Allo stesso modo, pare indecente e ipocrita lo sdegno della destra razzista e xenofoba, che a Bologna non è mai riuscita, in questi anni, a prendere le distanze nemmeno dalle svastiche sui monumenti partigiani, dagli attentati incendiari contro i migranti, dai pestaggi e dalle continue angherie e minacce contro studenti, giovani di sinistra e malvestiti. Una destra neo e/o «postfascista» che non intende davvero tagliare i ponti né con le proprie origini totalitarie e antisemite, né con il proprio passato stragista, né con il proprio presente di violenza legale e illegale.

Non sorprende, del resto, che i giornali di regime diano regolarmente spazio ad Alessandro Vigliani senza mai ricordare il suo curriculum noto e meno noto di nazistoide violento, fra cui spicca una denuncia – e copiamo il pomposo linguaggio dei tribunali – «per associazione per delinquere finalizzata alle lesioni personali, al porto abusivo di armi improprie, alla violenza privata ed alla discriminazione, all’odio o violenza per motivi razziali, etnici, nazionali o religiosi» (traduzione: un gruppo organizzato che picchiava migranti). In tempi di crisi i neofascisti vanno coccolati dalla stampa borghese e ogni voce critica va invece criminalizzata.
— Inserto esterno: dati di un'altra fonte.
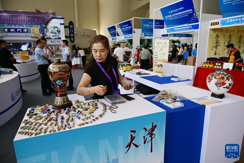 7月18日,一名來自天津的參展商在2025上海合作組織國(guó)際投資貿(mào)易博覽會(huì)上布置展臺(tái)。

Come sorprendersi? Era già successo negli anni Venti.

Resta il fatto che l’attentato incendiario contro CasaPound non è stato rivendicato da nessuno e può averlo compiuto chiunque. Invece i leader di CasaPound hanno le idee chiare tanto che paiono candidarsi a dirigere la Questura. «Non si tratta di Tpo, Crash o centri sociali. Le forme politiche organizzate non fanno queste cose», dichiara Vigliani al Resto del Carlino. E il responsabile Massimiliano Mazzanti parla allusivamente dei «professionisti dell’antifascismo». Non da oggi i neofascisti di CasaPound usano i giornalisti amici per criminalizzare quella parte del movimento antifascista bolognese che svolge un lavoro permanente di denuncia e inchiesta sul fenomeno neofascista in città e sui suoi appoggi istituzionali. Un lavoro pubblico, alla luce del sole, organizzato in assemblea aperta, da persone che si riconoscono nei valori dell’antifascismo (http://assembleantifascistabologna.noblogs.org). Ed è una conferma che ciò che più irrita e ostacola il neofascismo è la lotta e la contestazione sociale. Oggi si tratta anzitutto di contrastare nella testa della gente ogni spazio per idee nazionaliste e pratiche razziste e sessiste. Si devono chiudere gli spazi di agibilità sociale e mentale per chi predica e pratica, palesemente o meno, l’odio e l’intolleranza.

Intanto, una prima risposta neofascista non si è fatta attendere. Nella notte del 5 giugno è comparsa una grande scritta nera sul sacrario partigiano di piazza Maggiore: «W il Duce! Onore a Gelli!», con due croci celtiche. Ed è una rivendicazione esplicita del totalitarismo fascista e del golpismo e stragismo neofascista. Al vittimismo lamentoso sui giornali si unisce, di notte, la minaccia indiretta, ma inequivocabile.